Bütün bu yaşananlara karşılık kendisini Kürdistani olarak niteleyen Kürd parti ve örgütleri hala PKK/HDP çevrelerine bir milletvekilliği uğruna olmadık tavizler vermekte, hatta yalakalık yapmaktadırlar. Bu çevrelere söylenilmesi gereken, Kürdistani ruh ve Kürdlerin milli gururu sizin vekilliğinizden hem daha onurlu hem de daha büyüktür. Ya namuslu ve tutarlı bir politika izleyerek bu mazlum milletin mücadelesini doğru temsil edin veya o kirli ellerinizi bu acılarla kıvranan Kürd Halkının yakasından çekin…

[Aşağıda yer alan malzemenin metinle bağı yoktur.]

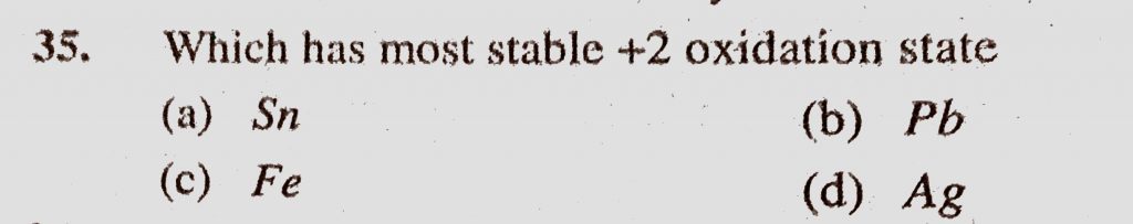 Which has most stable +2 oxidation state (a) Sn (b) Pb (c) Fe (d) Ag Which has most stable +2 oxidation state (a) Sn (b) Pb (c) Fe (d) Ag November 10, 2020 Category: Uncategorised (JEE Advanced Physics by BM Sharma + GMP Solutions) , Facebook Messenger WhatsApp Share this:TwitterFacebook Related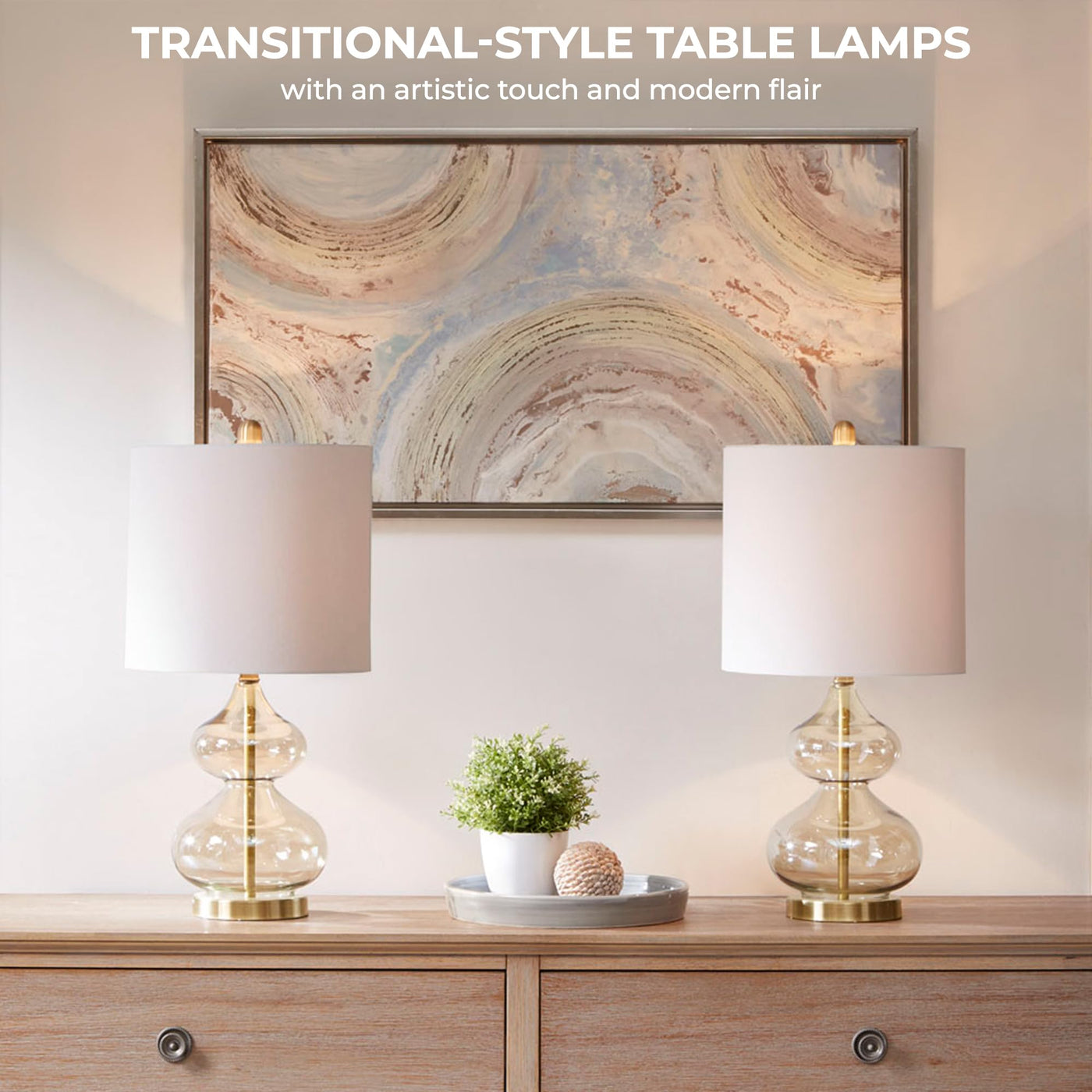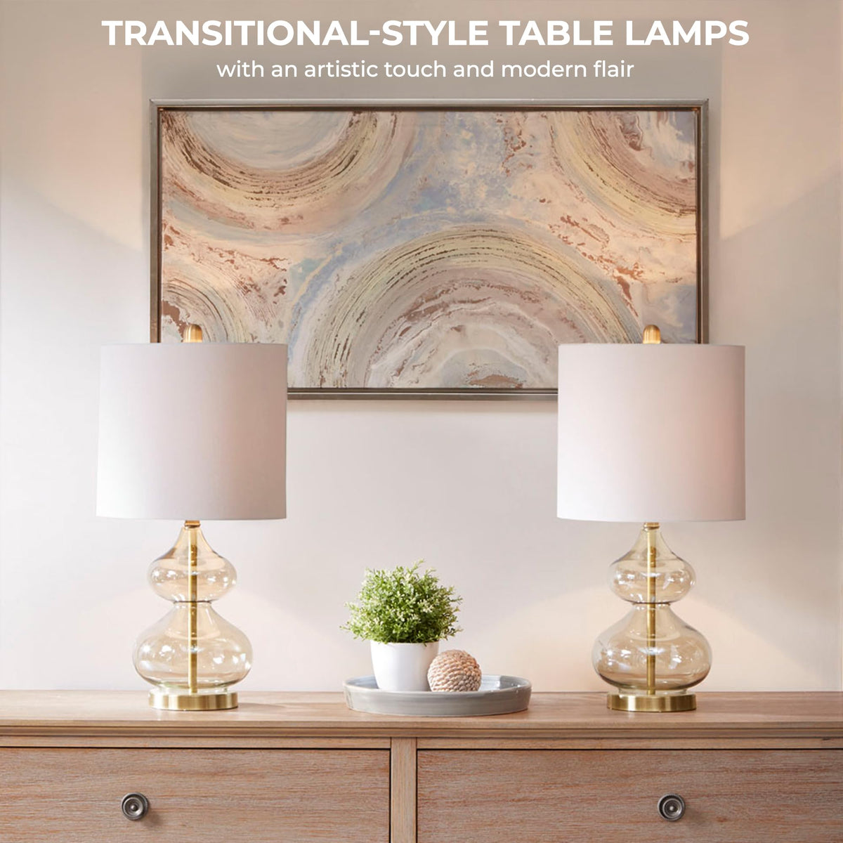 The Ellipse Curved Glass Table Lamp, Set of 2 provides a tasteful and charming touch to any space. The elegant curves of the gold glass base are complemented by a white drum-shaped shade, creating a chic look that enhances any room's decor. Ideal for accenting your living room or adding light to your bedroom, these lamps embody transitional appeal.

Güney Kürdistan da ve Güneybatı Kürdistan da yüz binlerce insanımızın büyük mağduriyetler yaşadığı ve insanlarımızın onurunu temsil eden peşmergelerin, vahşi IŞİD barbarları tarafından kafalarının kesildiği bu kritik dönem de, Ankara da mebus olmak için her türlü entrikayı çeviren ve her türden yalakalığı siyaset zannedenlere, umarım Kürd halkı bu seçimlerde ya sandıklara gitmeyerek veya bağımsız tek tek namuslu insanlara oy kullanarak gereken dersi vermelidir.
Saygılarımla,
M. Hüseyin TAYSUN
06.02.2015 - İstanbul
Bu makalede yer alan fikirler yazara aittir ve Nerina Azad'ın editöryal politikasını yansıtmayabilir.